Extreme-scale computer systems take advantage of large arrays of general-purpose multicore processors coupled with specialized manycore accelerators. In order to support complex applications and correctly feed such processing elements, increasingly larger memory cores are integrated at different levels of the hierarchy. However, the adoption of increasingly aggressive manufacturing processes makes the memory sub-system particularly sensitive to faults. Error correcting codes (ECCs) allow the memory to recover from faults at run-time without interfering with the application execution. However, due to the loss of performance introduced every time an error must be corrected, the persistence of faults requires a more radical repair approach in which faulty cells are physically replaced by spare ones. Memory redundancy analysis (MRA) algorithms are used to drive the allocation process of spare resources. Many one-dimensional and two-dimensional MRAs have been proposed, but tools for evaluating their recovering capability are still not well established. This paper presents SIERRA, a simulation environment for precisely evaluating the repair efficiency of an MRA considering different fault signatures and faulty memory configurations. Our simulation engine provides a precise estimation of the MRA quality by analyzing the behavior of the MRA on several faulty memory configurations. To this end, different parameters such as the area of the memory blocks and the defect density are taken into account. The evaluation of the quality of an MRA takes into account its repairing capability, the power consumption derived from its execution, and the area overhead. Thanks to the use of a database for storing information, our tool is able to speed-up the simulation process by distributing it among several nodes. All these features make SIERRA essential in supporting the design of next-generation high-performance computers.
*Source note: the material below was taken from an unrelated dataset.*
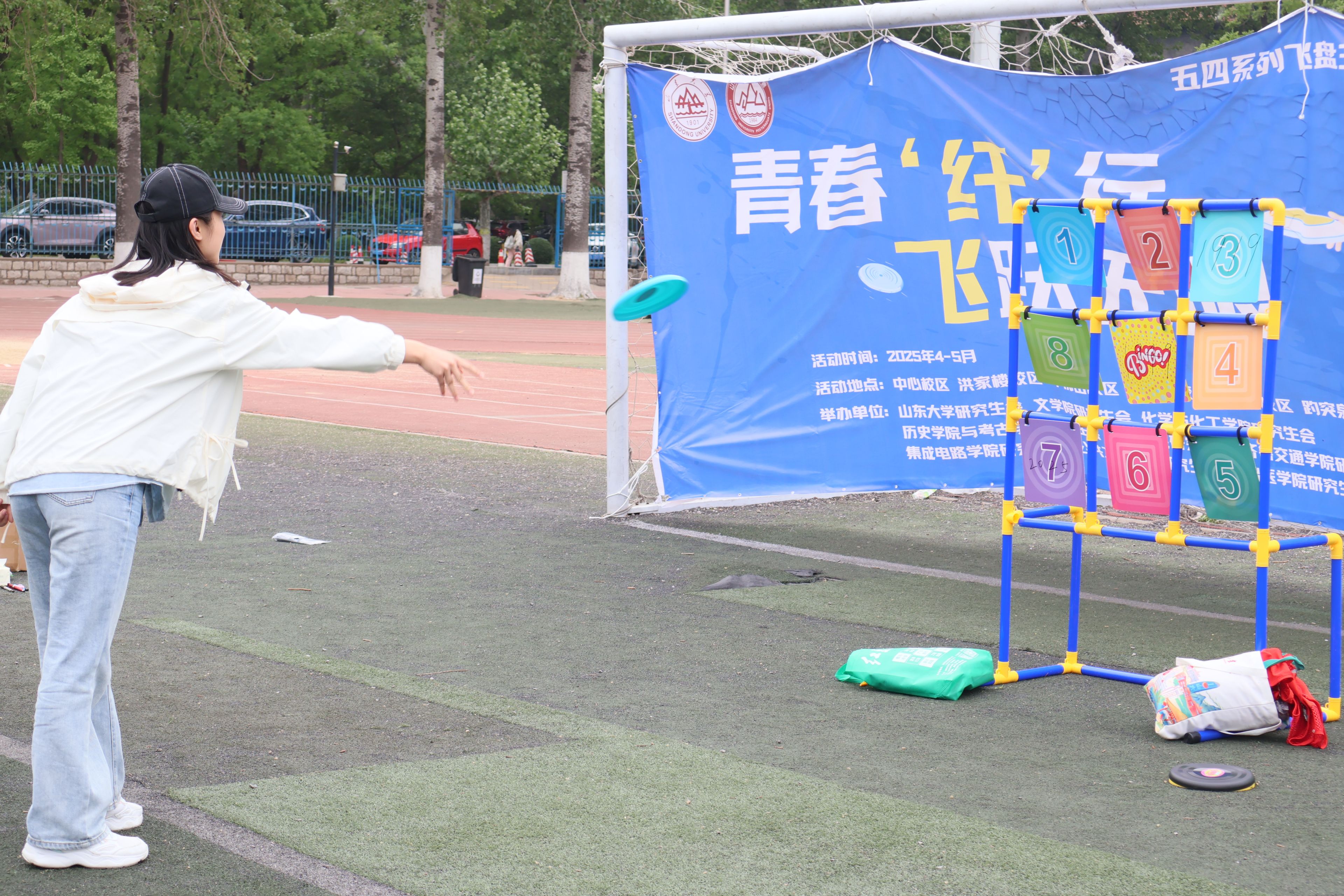 在“飞跃未来・掷热血”环节中,现场架设的九宫格飞盘支架标注着“奋斗正当时““百年征程”等标靶,同学们手持飞盘,全神贯注地瞄准,在1分钟内努力击中标靶。随着一次次飞盘命中标靶,现场掌声欢呼声不断,展现了山大青年矢志奋斗、勇于争先的青春风采。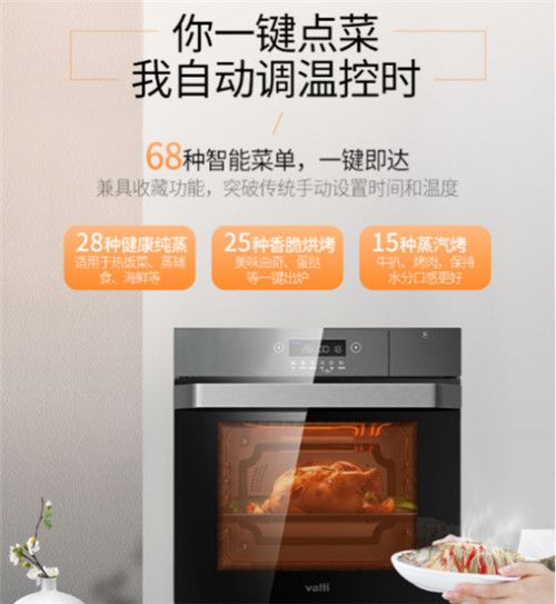 其内置蒸烤混合技术,相辅相成烹饪更美味。标配68种中文智能菜单,在70L的大容量内腔里,一键选定菜式编号,系统自动设定时间、温度,新手小白也能烹饪出美味大餐。

[1]  Fabrizio Lombardi,et al.  Reliability measurement of fault-tolerant onboard memory system under fault clustering , 2002, IMTC/2002. Proceedings of the 19th IEEE Instrumentation and Measurement Technology Conference (IEEE Cat. No.00CH37276).
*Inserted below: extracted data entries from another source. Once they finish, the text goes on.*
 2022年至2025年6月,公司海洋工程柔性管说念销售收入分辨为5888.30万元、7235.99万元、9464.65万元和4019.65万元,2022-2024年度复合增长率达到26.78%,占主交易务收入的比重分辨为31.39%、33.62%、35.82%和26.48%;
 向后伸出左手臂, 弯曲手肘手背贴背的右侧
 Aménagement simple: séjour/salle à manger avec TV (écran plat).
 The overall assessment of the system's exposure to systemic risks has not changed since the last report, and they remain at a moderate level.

[2]  Jin-Fu Li,et al.  Memory Built-in Self-Repair Planning Framework for RAMs in SoCs , 2011, IEEE Transactions on Computer-Aided Design of Integrated Circuits and Systems.

[3]  Ching-Yu Chin,et al.  Mathematical yield estimation for two-dimensional-redundancy memory arrays , 2010, 2010 IEEE/ACM International Conference on Computer-Aided Design (ICCAD).

[4]  Franck Cappello,et al.  Addressing failures in exascale computing , 2014, Int. J. High Perform. Comput. Appl..

[5]  Jin-Fu Li,et al.  A simulator for evaluating redundancy analysis algorithms of repairable embedded memories , 2002, Proceedings of the 2002 IEEE International Workshop on Memory Technology, Design and Testing (MTDT2002).

[6]  Dan Alexandrescu,et al.  INFORMER: An integrated framework for early-stage memory robustness analysis , 2014, 2014 Design, Automation & Test in Europe Conference & Exhibition (DATE).

[7]  Jin-Fu Li,et al.  Raisin: Redundancy Analysis Algorithm Simulation , 2007, IEEE Design & Test of Computers.

[8]  R.J. McPartland,et al.  SRAM embedded memory with low cost, flash EEPROM-switch-controlled redundancy , 2000, Proceedings of the IEEE 2000 Custom Integrated Circuits Conference (Cat. No.00CH37044).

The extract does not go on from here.